É il motivo per il quale nonostante la personalità divisiva di Giannone, simpatizzare con la sua storia è naturale. É capace di dare in pasto alla fantasia e al sentimentalismo passioni comuni, che in virtù della loro familiarità spingono ciascuno a immedesimarsi. Come accade leggendo questo misterioso lavoro, appena disvelato, frutto di pulsioni animalesche e carnali connaturate a tutti gli esseri viventi. Non stupisce che il piccolo manoscritto criptato, attraverso un codice di numeri e simboli incomprensibili, sia rimasto inviolato per quasi centocinquant’anni. L’idea iniziale, probabile attenuante avanzata a seguito dei ripetuti tentativi fallimentari nell’impresa di decodificazione, era che dietro al misterioso testo si nascondessero segreti storici riguardanti la Carboneria (società segreta nell’Italia meridionale della prima metà del 19° secolo, sorta come scisma interno alla massoneria). Una J’accuse fondata sulla condotta di partecipazione all’associazione massonica della Carboneria. Convinzione radicata sino al 2014, quando Paolo Bonaglia, docente di matematica risoluto, riuscì nell’impresa titanica, rivelando qualcosa di ben più inoffensivo. Un poema erotico-libertino fortemente licenzioso, protagonista della mostra «Enigma proibito. Segreti ed erotismo nel poema criptato di Pietro Giannone» allestita al Museo Civico di Modena e visitabile dal 10 febbraio al 23 giugno 2024.

L’anteprima si è svolta venerdì 9 febbraio, alla presenza di Andrea Bortolamasi, assessore alla Cultura del Comune di Modena; Francesca Piccinini, direttrice del Museo Civico; i curatori Stefano Bulgarelli e Cristina Stefani. La mostra è promossa dal Civico, proprietario della raccolta contenente il testo, e da FestivalFilosofia. Un percorso nel mondo mistico della crittografia e della scrittura segreta che racconta la figura di Pietro Giannone e l’avventura che ha portato alla decifrazione del codice. Due i livelli di fruizione: uno adatto al solo pubblico adulto e un’altro interattivo per bambini (minori di 16 anni). Lo scopo è quello di intrattenere, coinvolgendo il pubblico con video e postazioni multimediali, incentivandolo a passare da mero fruitore a user, sperimentando attivamente il linguaggio cifrato dopo un primo momento informativo sulle «regole del gioco». Il pubblico over 16 potrà accedere a una stanza segreta per leggere i versi del poema, mentre ai più piccoli è riservata una stanza ad hoc, «vietata agli adulti».

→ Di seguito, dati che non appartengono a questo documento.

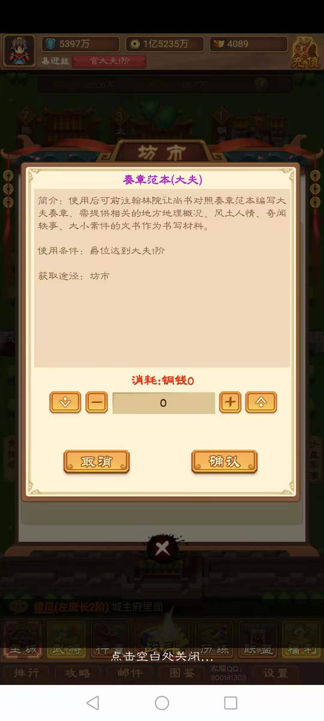 需要注意的是,官阶的晋升是有着失败几率的,越是高阶的官阶晋升,失败的几率就越高,例如从官大夫一阶晋升官大夫3二阶,失败的几率就是50%,如果失败的话,不仅晋级失败,还会损失40%的功名。所以大家在晋升的时候,一定要买一些奏章,在商店中就能购买,每一本奏章都能提升一定的成功率,一般来说使用奏章堆到90%就可以了,没有必要非要堆到100%。

Nati con la scrittura, i codici segreti si configurano come sistemi di segni capaci di nascondere a occhi indiscreti un importante messaggio e rivelarlo solo ai destinatari. Dall’antichità ai giorni nostri, la crittografia ha intrecciato la sua storia con quella dell’umanità, tessendo un fil rouge di segretezza attraverso le epoche. Dai messaggi di guerra di Giulio Cesare alle trame segrete di Lucrezia Borgia. Già ai tempi delle guerre galliche, Cesare utilizzava la crittografia per comunicare con Cicerone, celando i piani di battaglia agli occhi nemici. Secoli dopo, la stessa arte venne impiegata da figure come Lucrezia Borgia e Maria Stuarda per proteggere gli intrighi di corte. E poi dallo scacchiere geopolitico del secondo conflitto mondiale all’era digitale. Il codice Enigma, utilizzato dai nazisti, cambiò le sorti del conflitto. Oggi, nell’era digitale, la crittografia è divenuta una componente fondamentale della sicurezza informatica. Anacronistico, ma più che mai attuale dunque, Pietro Giannone orchestra un gioco di parole trasgressive e oscene. Un divertimento segreto, dove il significato recondito si svela solo agli «iniziati». Un atto di ribellione, una sfida all’ordine costituito. Le parole proibite si nascondono sotto mentite spoglie, sfuggendo alla censura e al giudizio. Il codice non è solo un gioco, ma un atto di autonomia intellettuale che rivendica l’importanza della libertà di espressione contro chi vorrebbe tarparci le ali.